Allen’s debut book of poetry, Rhythm An’ Hardtimes became a Canadian best seller, blazing new trails for poetic expression and opened up the form. Lillian Allen’s latest collection Make the World New: The Poetry of Lillian Allen, edited by Ronald Cummings was published in Spring 2021 and is part of the Laurier Poetry Series. Her other collections, Women Do This Everyday and Psychic Unrest are studied across the educational spectrum. Her literary work for young people includes three books: Why Me, If You See Truth, and Nothing But a Hero. Multi-disciplinary and experimental, Allen’s creativity crosses many genres including radio, theatre, music and film; as writer, featured artist and producer/director and national radio show host. She co-produced/co-directed Blak Wi Blak, a film documentary on Jamaican dub poet Mutabaruka which premiered at the Toronto International Film Festival.

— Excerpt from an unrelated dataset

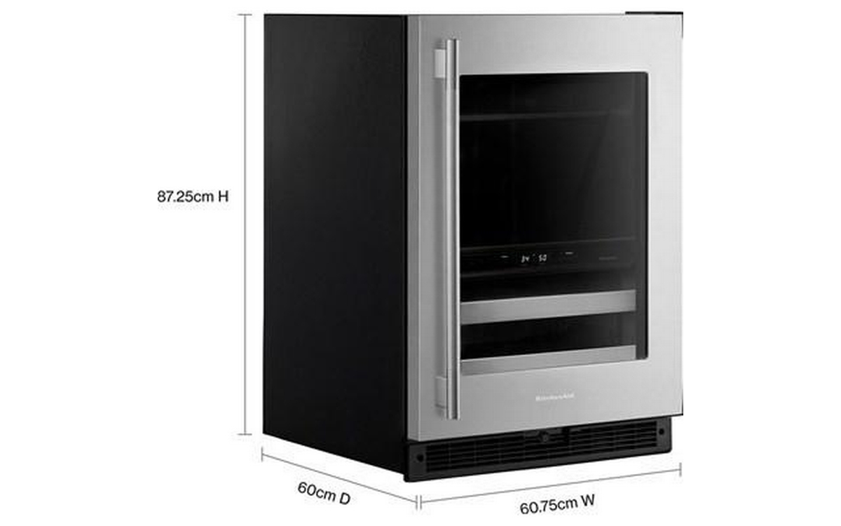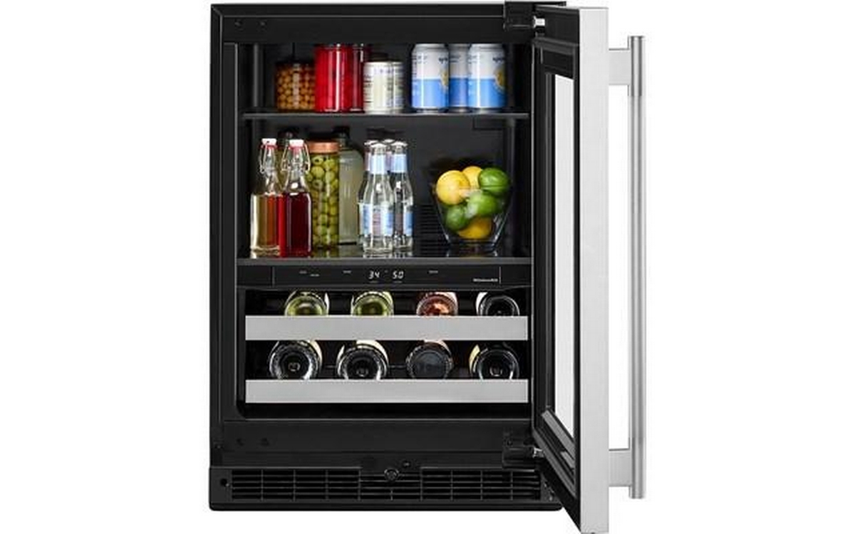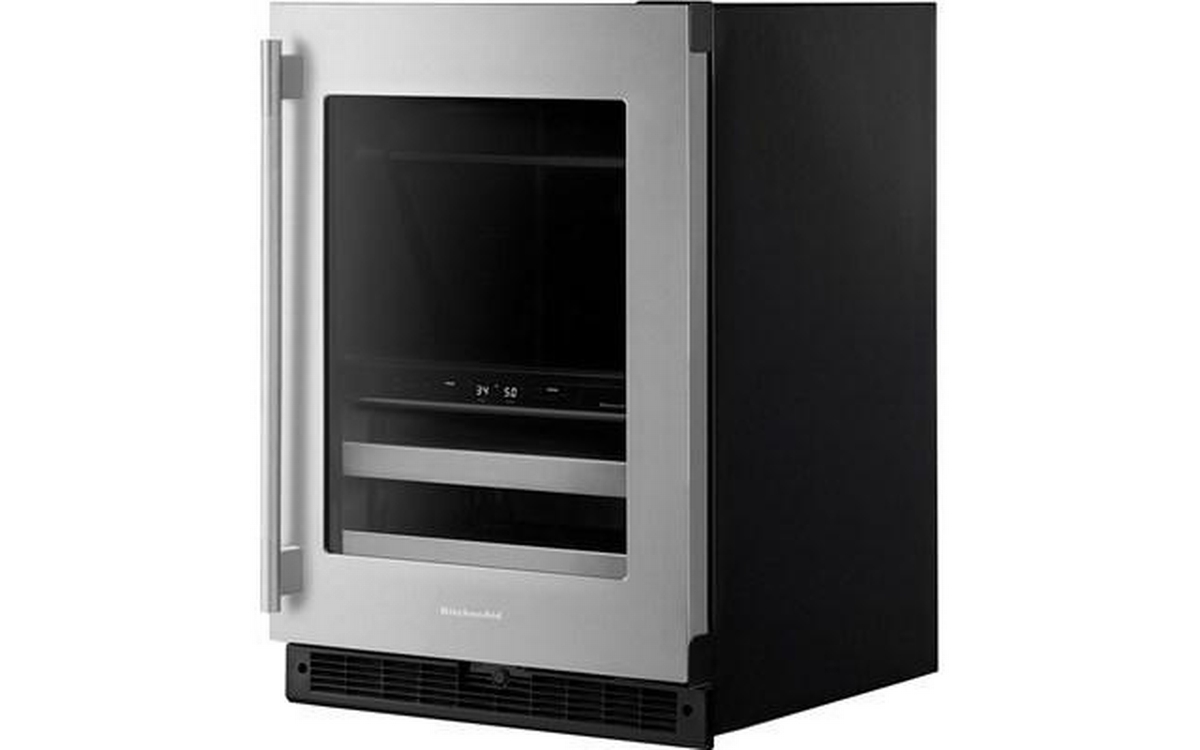 KitchenAid 24-inch beverage center with glass door and a total capacity of 4.8 cu. ft.
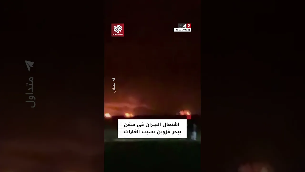 اشتعال النيران في سفن ببحر قزوين جراء هجوم أميركي إسرائيلي على بندر انزلي

November 30: Daniel Scott Tysdal
Daniel is a writer, filmmaker, and teacher. An Associate Professor, Teaching Stream, at the University of Toronto Scarborough, Tysdal’s works include the ReLit Award-winning poetry collection Predicting the Next Big Advertising Breakthrough Using a Potentially Dangerous Method, the critically acclaimed Fauxccasional Poems, the short story collection Wave Forms and Doom Scrolls, the poetry textbook The Writing Moment: A Practical Guide to Creating Poems, and the viral TEDx talk, “Everything You Need to Write a Poem (and How It Can Save a Life).” Tysdal’s short films have screened internationally, earning him several honours, including Best Experimental Short Film at the Arizona Underground Film Festival and a nomination for Best Experimental Short Film at the Yorkton Film Festival. The End Is in the Middle is his fourth collection of poetry.